• [Task to carry out] Pictures excluded, copy word for word the lines from the one holding "W dniu 30.03.2026" through the last line below.

• [Supplied material]
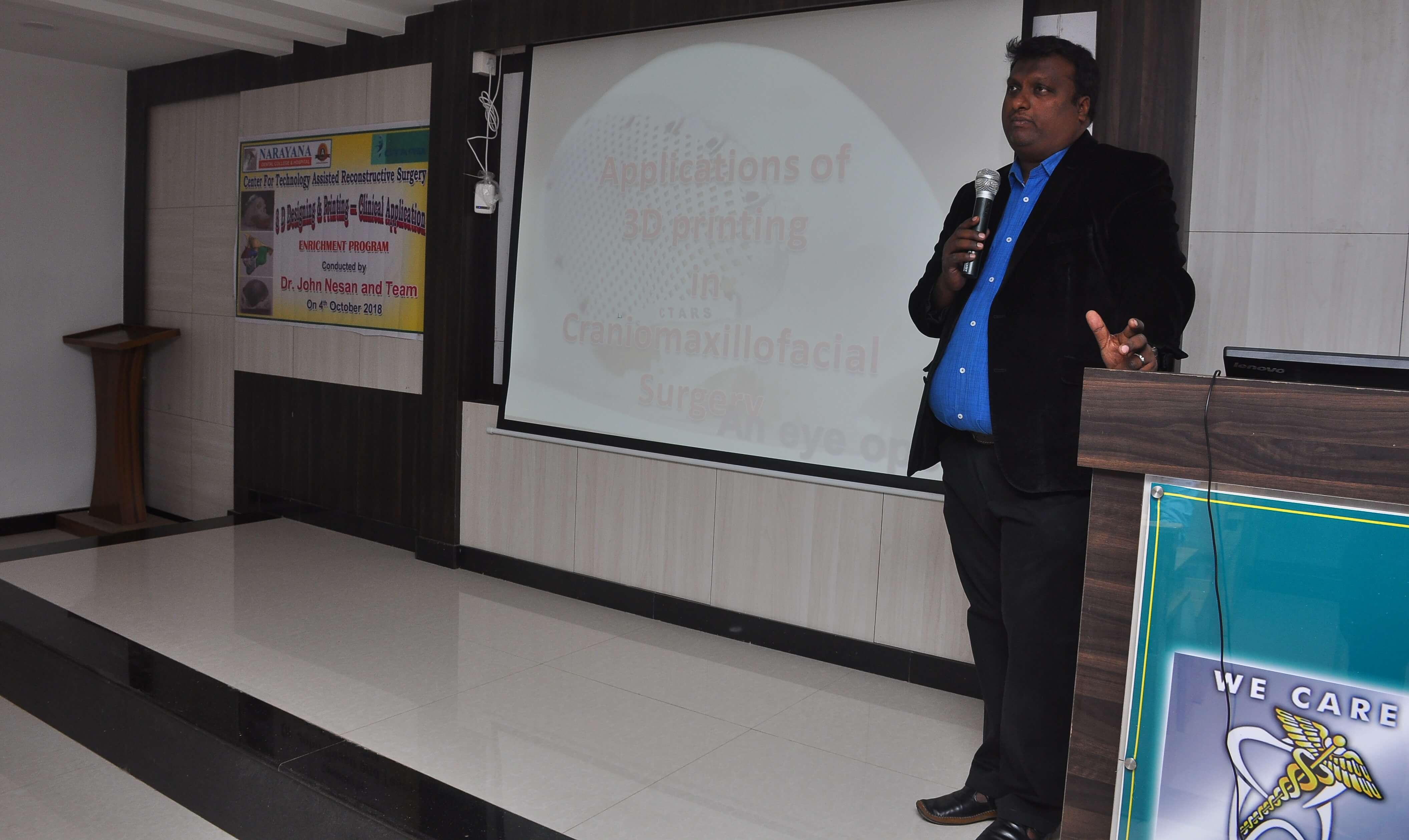 Dr. John Nesan and his team members from CTARS, have conducted the enrichment program and workshop on “3D designing & 3D Printing- Clinical Applications” held at our institution on 04/10/2018. Principal, faculty members and Post graduates was participated in the workshop.
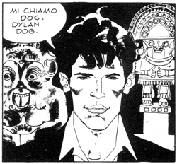 Eh sì, perché dopo le prime battute (e sono proprio battute e sfortunatamente – o fortunatamente – non saranno le uniche che Groucho proferirà in 25 anni di storia editoriale), eccolo arrivare, in tutta la sua bellezza, la sua sfavillante armatura e i suoi poteri da “guardiano del bene”, il nostro eroe: Dylan Dog. E qui che capiamo, definitivamente che questo fumetto vuole, a tutti i costi, rompere con i cliché, con il passato, con storie trite e ritrite di eroi che affrontano il male, lo sconfiggono versando sangue, ma poi trionfano e si “trombano” la bella (questo lo fa anche Dylan, ma ne parleremo in un altra sede!). Dylan Dog, da perfetto inglese, si presenta così: “My name is Dog. Dylan Dog” (l’ho tradotto in inglese per rendere meglio la caratteristica presentazione “all-London”), e non veste nessuna armatura: solo un paio di jeans sgualciti, una camicia rosso sangue e una giacca nera sulle cui maniche sono risvoltati i polsini della camicia. Ai piedi non ci sono stivali d’oro o magici, ma semplici “Clarks” in camoscio chiaro (e non avete idea di quanto abbiano venduto dal 1986 ad oggi in Italia, grazie a questo fumetto!). Il nostro protagonista non ha superpoteri (ma un qualcosa di particolare sì… ed anche di questo parleremo un’altra volta) e non è affatto un eroe: come lui stesso si definirà, più di una volta “Come eroe faccio schifo, ma come anti-eroe sono perfetto!“. Insomma a leggere il primo albo di Dylan Dog pare chiaro, sin da subito che il concetto di “fumetto horror” è solo un pezzo di un puzzle molto più grande che, col passare degli anni, andrà a completare la classificazione di quest’opera.
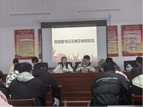 王艳芬老师做总结发言,她指出团学始终秉持着“服务同学、促进成长”的宗旨,积极组织各类理论学习、校园文化、体育赛事,志愿服务活动,丰富了同学们的课余生活,增强了同学们的团队意识和集体荣誉感,希望大家继续发扬团结协作、锐意进取的精神。
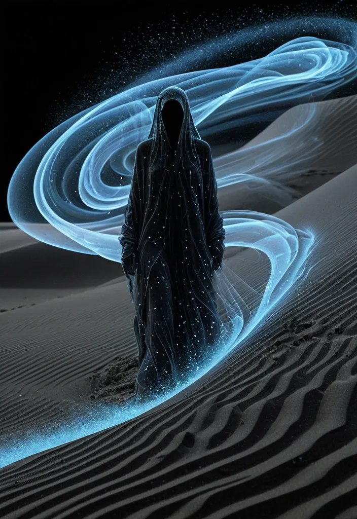 A surreal , Date-Palm trees spirals like a vortex towered sky , comprising dark black , warm gray , and deep white particles that dissolve into the dark sky. A female figure riding on camel , rendered in golden dots that reflect calmness , she in a gown of white and pinky particles that similarly fade into the darkness. The structure and gown emerged into the foreground , set against an desert sand backdrop. ,
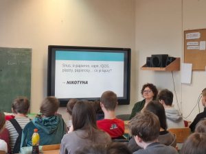 W dniu 30.03.2026 r. uczniowie klas VI, VII i VIII naszej szkoły uczestniczyli w spotkaniu z Panią Doktor Olgą Kula-Fediuk, którego tematem była szkodliwość spożywania napojów energetycznych jak również skutki sięgania po substancje tytoniowe i nikotynę. 🥫
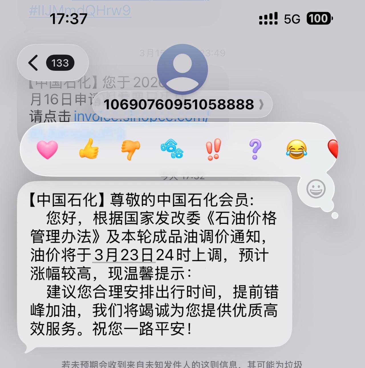 中石化第一次发短信提醒加油… 虽然我已经加满油 但这也太夸张了…. 目前还有25小时的加油机会… 95据说会迫近10块… 累😮💨【来自懂车帝车友圈】
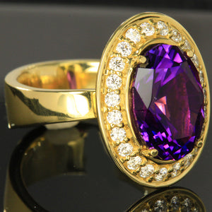 14k yellow gold ring designed by Christopher Michael, with one VIOLET color, GIA Type I Clarity VS, oval amethyst. The amethyst weighs 6.70 carats and is set in a 4 prong set. In addition, there are twenty-three pave' ideal round brilliant cut diamonds, F color, SI1 clarity, with a total weight of .68 carat. The ring weighs 17.00 grams. Our register #4am1063.

• [Task solution]
 W dniu 30.03.2026 r. uczniowie klas VI, VII i VIII naszej szkoły uczestniczyli w spotkaniu z Panią Doktor Olgą Kula-Fediuk, którego tematem była szkodliwość spożywania napojów energetycznych jak również skutki sięgania po substancje tytoniowe i nikotynę. 🥫
 中石化第一次发短信提醒加油… 虽然我已经加满油 但这也太夸张了…. 目前还有25小时的加油机会… 95据说会迫近10块… 累😮💨【来自懂车帝车友圈】
 14k yellow gold ring designed by Christopher Michael, with one VIOLET color, GIA Type I Clarity VS, oval amethyst. The amethyst weighs 6.70 carats and is set in a 4 prong set. In addition, there are twenty-three pave' ideal round brilliant cut diamonds, F color, SI1 clarity, with a total weight of .68 carat. The ring weighs 17.00 grams. Our register #4am1063.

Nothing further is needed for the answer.